On the Identification of Surface Waves in Numerical Studies

  • Tom G. MackayEmail author
Open Access
Article
  • 276 Downloads

Abstract

In a recent study published in this journal, in which surface waves were investigated numerically for a certain equichiral thin film, the criterion used to determine whether or not surface waves were excited is not adequately discriminating.

Keywords

Surface-plasmon-polariton wave Dispersion relation Cavity resonance 

In a recent study, the prism-coupled excitation of surface-plasmon-polariton waves (SPPWs) was investigated numerically for the interface of a metal and an equichiral thin film (ETF) [1]. Since the constitutive properties of the ETF under investigation varied periodically in the direction of the ETF’s thickness, more than one SPPW could be excited at a given wavelength by changing the direction of the incident light. The criterion used to identify an SPPW was based on the magnitude of peaks in plots of absorptance versus angle of incidence: if the absorptance peak was greater than 0.4, then this peak was claimed to represent the excitation of an SPPW. No dispersion relation from the associated canonical boundary-value problem [2] was solved in order to confirm this claim.

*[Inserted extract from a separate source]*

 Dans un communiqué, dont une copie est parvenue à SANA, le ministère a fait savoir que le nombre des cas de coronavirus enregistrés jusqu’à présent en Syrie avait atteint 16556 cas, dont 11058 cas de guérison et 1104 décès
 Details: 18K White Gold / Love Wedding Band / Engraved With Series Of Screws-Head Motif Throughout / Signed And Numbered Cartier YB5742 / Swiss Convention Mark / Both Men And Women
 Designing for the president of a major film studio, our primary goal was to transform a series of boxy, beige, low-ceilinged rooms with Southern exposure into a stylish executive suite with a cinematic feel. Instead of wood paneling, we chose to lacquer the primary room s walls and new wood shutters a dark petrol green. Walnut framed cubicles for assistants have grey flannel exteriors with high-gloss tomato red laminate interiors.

Generally, in studies on SPPWs, many peaks may be observed in the plots of absorptance versus angle of incidence. As is comprehensively reported in the literature [2], some of these peaks may represent SPPWs, but this needs to be confirmed by checking that the wavenumbers agree with those that arise as roots of the dispersion relation of the associated canonical boundary-value problem. Some of the absorptance peaks may arise for other reasons such as cavity resonances. These absorptance peaks should be carefully distinguished from the absorptance peaks that can be attributed to SPPWs. The wavenumbers for cavity resonances do not arise as roots of the dispersion relation for SPPWs. Furthermore, cavity resonances are highly sensitive to the thickness of the thin film in the prism-coupled configuration, whereas SPPWs are not when the thin film’s thickness is greater than a certain threshold [3, 4].

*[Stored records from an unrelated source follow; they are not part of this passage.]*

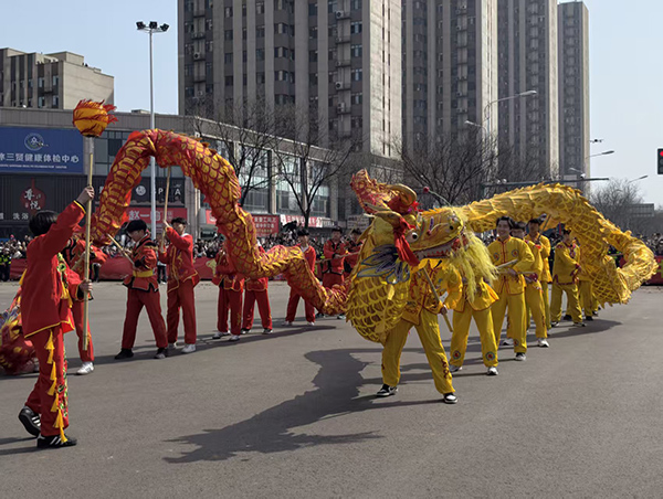 观众的喝彩声此起彼伏。看,龙凤镇的表演惊险刺激,杂技与狮子相映成趣,金色的长龙在空中翻腾;张兰镇的《万马奔腾》气势如虹,霸王鞭清脆作响,再现了“驰骋”的豪迈;西关街道的锣鼓队虽然只有70人,但铿锵的节奏敲出了西关人的热情。
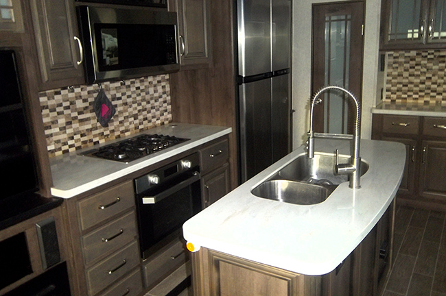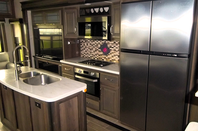 The kitchen is equipped with stainless steel appliances, a large side-by-side residential refrigerator, convection microwave, range with oven, island galley with dual-basin sink, and ample storage space. Free-standing dinette table and chairs.
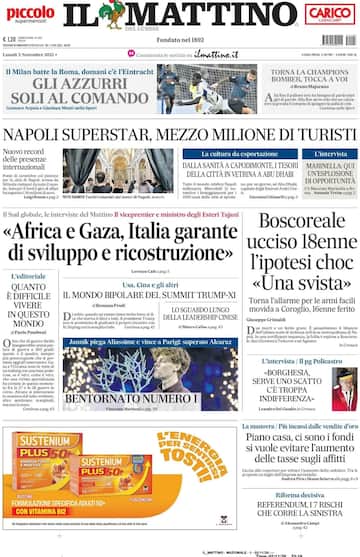 - Sul Mattino si torna a parlare di Gaza, con l'intervista al ministro degli Esteri Tajani che dice: "Italia garante di sviluppo e ricostruzione". Nuovo record di turisti a Napoli: mezzo milione di presenze internazionali
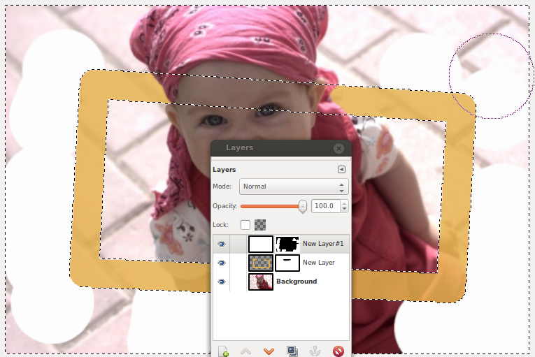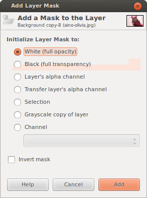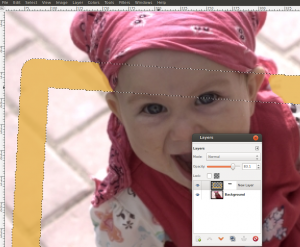 Poistetaan se ensin. Kun valinta on päällä, työkalut reagoivat vain valittuun alueeseen. Ensin kannattaa tehdä uusi tasomaski, eli Tasot-ikkunasta (Ctrl-L) oikealla napilla ylimmäisen tason nimestä painaen Lisää tasomaski:
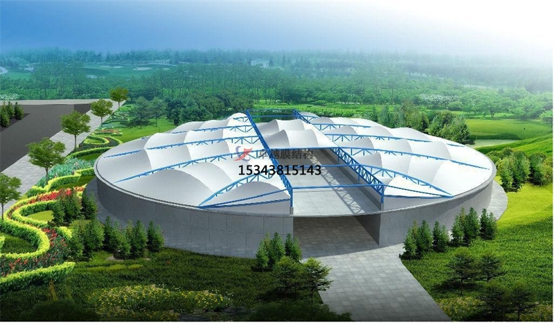 3、跨度大:由于膜材自重輕,而抗拉強(qiáng)度很大,膜結(jié)構(gòu)可以從根本上克服傳統(tǒng)結(jié)構(gòu)在大跨度(中間無支撐)建筑上實(shí)現(xiàn)所遇到的困難,適于大跨度的池體;
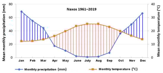 Bagnouls and Gaussen ombro-thermal diagrams. Distribution of monthly precipitation and temperature in Naxos island. Red dotted lines indicate the dry-thermal period and blue vertical lines indicate the wet period.
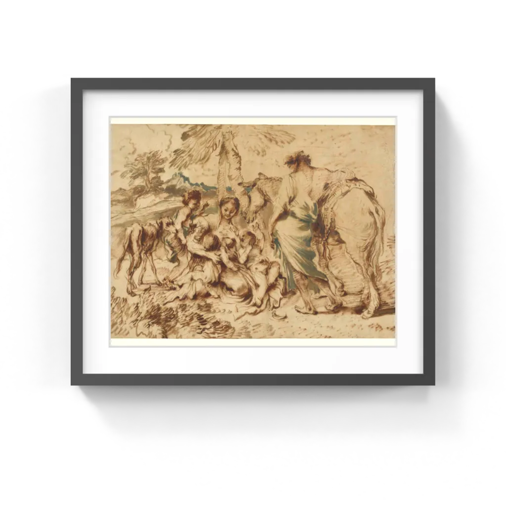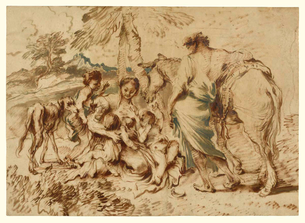 Giovanni Benedetto Castiglione (Italian, 1609–1664) In making this drawing, Giovanni Benedetto Castiglione may have originally intended to illustrate a Biblical scene, such as the flight of Mary and Joseph to Egypt. Instead he produced an entirely new type of pastoral subject: a young mother seated on the ground nursing her children. She is noticeably at home amidst the animals and the surrounding landscape. A classically posed male figure, presumably the father, casually leans on his horse, looking toward his family. The lazy-looking dog to the left of the composition is a stock figure that appears in some of the artist's other drawings. Castiglione conceived of this unusually large drawing as an independent work of art, and employed his characteristic, vigorous brushstrokes to convey a sense of vitality.

Accordingly, some of the absorptance peaks of magnitude greater than 0.4 in Ref. [1] may well be attributable to cavity resonances (and/or other mechanisms) but not to SPPWs as claimed in that paper. As a representative counterexample, many absorptance peaks of magnitude greater than 0.4 were reported in Ref. [5] but these were not attributable to SPPWs because they did not correspond to roots of the dispersion relation of the associated canonical boundary-value problem.

To summarize, the only infallible way to identify an SPPW is to solve the associated canonical boundary-value problem [5, 6].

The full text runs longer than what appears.